But there’s no other alternative. A team cannot just sit still as its rival first of all erodes your initial advantage and subsequently reverses it. Ferrari’s response with its heavily updated car and whether it can halt or reverse Red Bull’s recent gains could define whether we have the close title fight that these first few races have promised.
For Mercedes the situation is not so much fear of turning a good thing bad as hope of the opposite. The upgrade is physically extensive, the floor quite different to before. But how well have the car’s underlying problems been understood? There’s a theoretical rocketship in the ‘zero sidepod’ W13 but that simulated performance hasn’t yet come close to being replicated in the real world. Is it forever unachievable, with a concept just fundamentally wrong? Or is there a big chunk of performance there just waiting to be teased out with the right tweak?

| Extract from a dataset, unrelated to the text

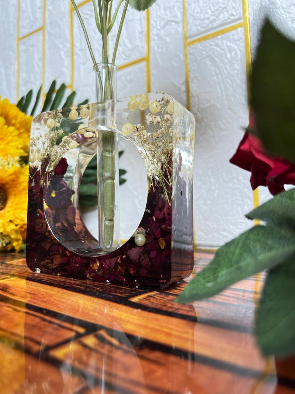 Bring the beauty of nature into your home with this Square-Shaped Flower Preserved Planter. This vase is handcrafted using real dried petals, pearl beads, and delicate fillers, carefully sealed in high-quality resin to keep their charm forever. The high-quality resin body allows the preserved flowers inside to shine beautifully, creating a perfect balance of art and elegance.

Meantime, Red Bull and Max Verstappen have the ability to blitz an entire weekend with a car relatively immune from porpoising yet still producing very good downforce, the elusive combination chased by the others. Put such a car in the hands of Verstappen and he can take the field apart. But it’s sometimes a little fragile.

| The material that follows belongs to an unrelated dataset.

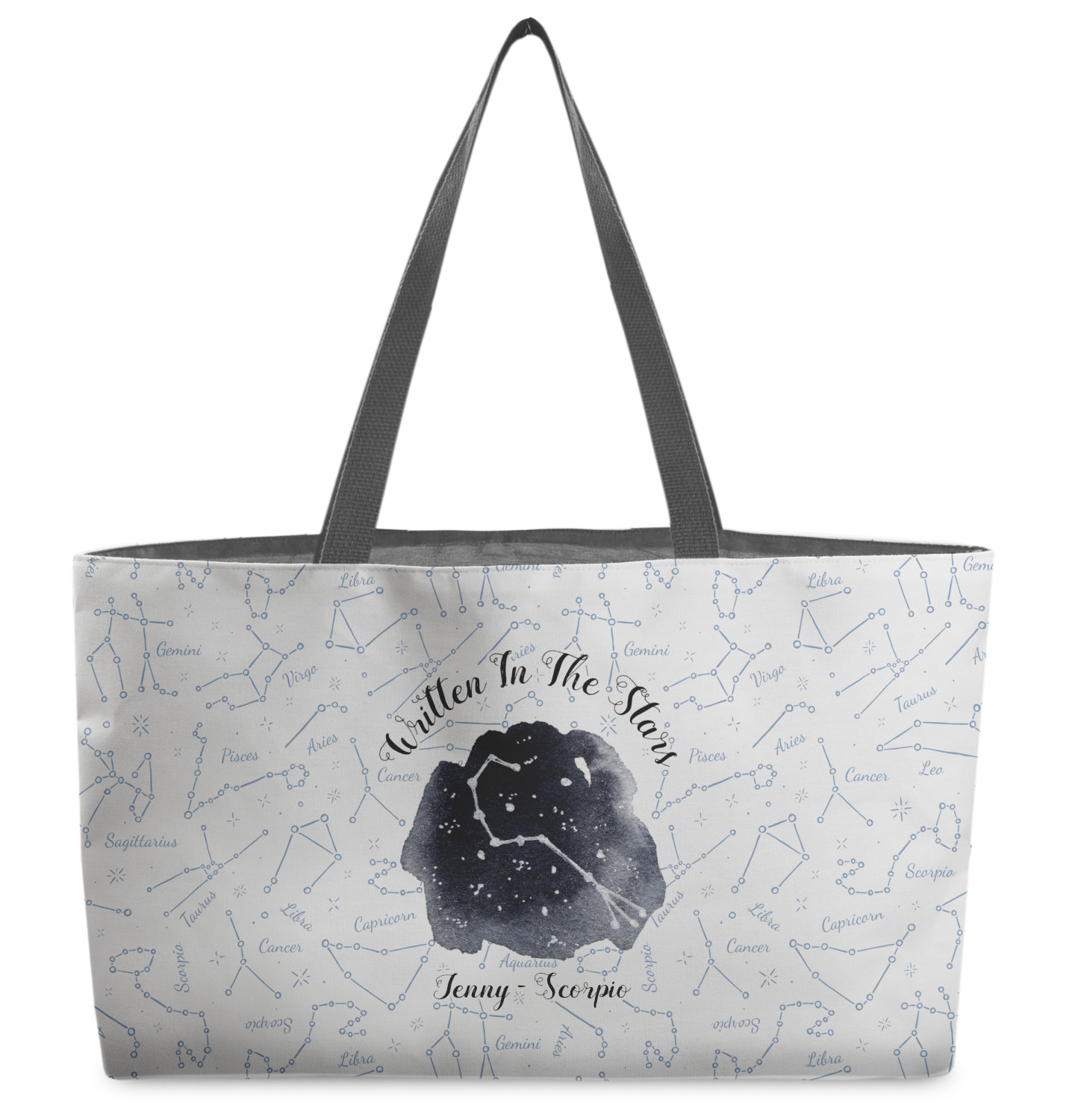 This design features a simplistic white and light blue background that has all of the zodiac constellations. The focal point of the design is your very own zodiac constellation surrounded by a sea of dark blue. It looks as if you are peeking into the night sky. Around this graphic is where you can put a phrase of your choosing and your personalization.

Furthermore, with all the performance the team has put on the RB18 already, how much can be left, given the imposed cost constraint? “There’s plenty left in the tank,” assured Verstappen to F1 yesterday. Which potentially sounds a little ominous for the others and the complexion of the season could very well be one of Red Bull domination after a shaky start. But not if either – or both – sets of developments on the Ferrari and Mercedes hit paydirt. Today at Barcelona is when we begin to find out.